Wednesday, March 31, 2010

CURIOSITIES IN SCIENTIFIC NAMING














(Image of Phialella zappai from here)

The jellyfish Phialella zappai was named by Ferdinando Boero as part of his plan to get to meet Frank Zappa. "There is nothing I'd like better than having a jellyfish named after me," Zappa replied. And so they met. (The long story, well worth a read, here.)

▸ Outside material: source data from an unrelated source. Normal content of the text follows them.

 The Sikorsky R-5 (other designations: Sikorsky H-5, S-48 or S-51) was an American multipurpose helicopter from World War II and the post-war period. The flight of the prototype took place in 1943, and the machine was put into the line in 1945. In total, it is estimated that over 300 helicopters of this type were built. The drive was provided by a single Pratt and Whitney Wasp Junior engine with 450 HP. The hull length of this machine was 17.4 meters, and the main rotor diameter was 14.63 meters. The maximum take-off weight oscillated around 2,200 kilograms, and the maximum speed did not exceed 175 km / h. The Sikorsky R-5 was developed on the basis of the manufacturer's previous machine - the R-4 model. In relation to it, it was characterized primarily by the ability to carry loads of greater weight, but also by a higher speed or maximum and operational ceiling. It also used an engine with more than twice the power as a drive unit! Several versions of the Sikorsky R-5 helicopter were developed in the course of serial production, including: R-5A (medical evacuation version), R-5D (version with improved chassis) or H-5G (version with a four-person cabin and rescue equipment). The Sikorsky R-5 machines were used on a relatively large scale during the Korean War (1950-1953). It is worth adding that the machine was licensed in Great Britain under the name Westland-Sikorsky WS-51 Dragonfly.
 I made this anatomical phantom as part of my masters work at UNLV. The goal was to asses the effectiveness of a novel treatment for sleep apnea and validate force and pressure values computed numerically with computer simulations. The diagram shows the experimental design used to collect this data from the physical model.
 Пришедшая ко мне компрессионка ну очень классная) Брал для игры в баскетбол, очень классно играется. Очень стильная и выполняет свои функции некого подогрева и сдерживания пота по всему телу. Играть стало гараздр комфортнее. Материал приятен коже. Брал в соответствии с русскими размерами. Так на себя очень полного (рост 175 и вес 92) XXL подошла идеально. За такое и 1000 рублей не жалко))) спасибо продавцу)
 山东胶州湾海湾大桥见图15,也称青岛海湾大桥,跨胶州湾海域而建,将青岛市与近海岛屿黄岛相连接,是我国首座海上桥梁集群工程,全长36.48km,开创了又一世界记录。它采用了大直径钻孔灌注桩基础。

Binomial nomenclature is not supposed to be humorous. Yet a few odd scientific names slip by the International Code of Zoological Nomenclature. Entomologists seem bugged by congenital punning. At least one marine biologist favored magic. This list of favorites is from Deep Type Flow.
  • Agra vation (a beetle)
  • Colon rectum (another beetle)
  • Ba humbugi (a snail)
  • Aha ha ( a wasp)
  • Lalapa lusa (a wasp)
  • Leonardo davinci (a moth)
  • Abra cadabra (a clam, now, alas, in the genus Theora)
  • Gelae baen, Gelae belae, Gelae donut, Gelae fish, and Gelae rol (all types of fungus beetles)
  • Villa manillae, Pieza kake and Reissa roni  (bee flies)
  • La cerveza (a moth)
  • Ytu brutus (a beetle) 















      Curioustaxonomy lists several palindromes, including:
      • Orizabus subaziro (a scarab beetle)
       Plus an extinct pterosaur named for an extinct author:
      • Arthurdactylus conandoylensis
      Plus an extinct fish named for the famed British documentarian who gave it its 15-plus minutes of fame:
      • Materpiscis attenboroughi












      (Model of Materpiscis attenboroughi at Museum Victoria 2008)

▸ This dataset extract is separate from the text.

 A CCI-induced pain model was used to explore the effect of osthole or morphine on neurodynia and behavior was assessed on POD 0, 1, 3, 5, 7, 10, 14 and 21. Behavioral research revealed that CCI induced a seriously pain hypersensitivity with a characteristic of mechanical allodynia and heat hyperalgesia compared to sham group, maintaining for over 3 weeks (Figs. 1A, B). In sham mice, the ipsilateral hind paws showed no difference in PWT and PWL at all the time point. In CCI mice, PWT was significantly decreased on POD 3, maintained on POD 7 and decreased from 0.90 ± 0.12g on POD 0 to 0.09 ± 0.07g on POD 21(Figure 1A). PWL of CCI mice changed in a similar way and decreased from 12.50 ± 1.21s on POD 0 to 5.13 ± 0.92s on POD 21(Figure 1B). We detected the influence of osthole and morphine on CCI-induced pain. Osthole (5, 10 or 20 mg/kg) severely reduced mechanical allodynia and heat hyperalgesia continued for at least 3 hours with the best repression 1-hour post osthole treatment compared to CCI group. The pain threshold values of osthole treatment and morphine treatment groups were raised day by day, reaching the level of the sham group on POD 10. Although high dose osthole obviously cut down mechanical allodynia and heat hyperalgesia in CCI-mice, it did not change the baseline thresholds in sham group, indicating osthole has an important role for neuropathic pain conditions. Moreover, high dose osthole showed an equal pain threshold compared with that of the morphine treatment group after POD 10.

      Curioustaxonomy has a lot more puns and plays on words:
      • La cucaracha (a moth)
      • Phthiria relativitae (a bombyliid fly)
      • Pieza rhea (a fly)
      • Vini vidivici (a recently extinct parrot)
      In the section on unused names: 
      • An anthropologist, noting that the group including African apes is named Panini, suggested in jest that the subset of those which have language should be called Linguini
      Strange and poignant, the irukandji jellyfish named for American tourist Robert King, whose death from its sting highlighted the heretofore invisible danger of a species no bigger than your fingernail:
      • Malo kingi














      (Photo of Malo kingi by Lisa-ann Gershwin)

      Plus a short poem celebrating taxonomy's longevity:

      A Discovery
      by Vladimir Nabokov, 1943

      Dark pictures, thrones, the stones that pilgrims kiss
      Poems that take a thousand years to die
      But ape the immortality of this
      Red label on a little butterfly.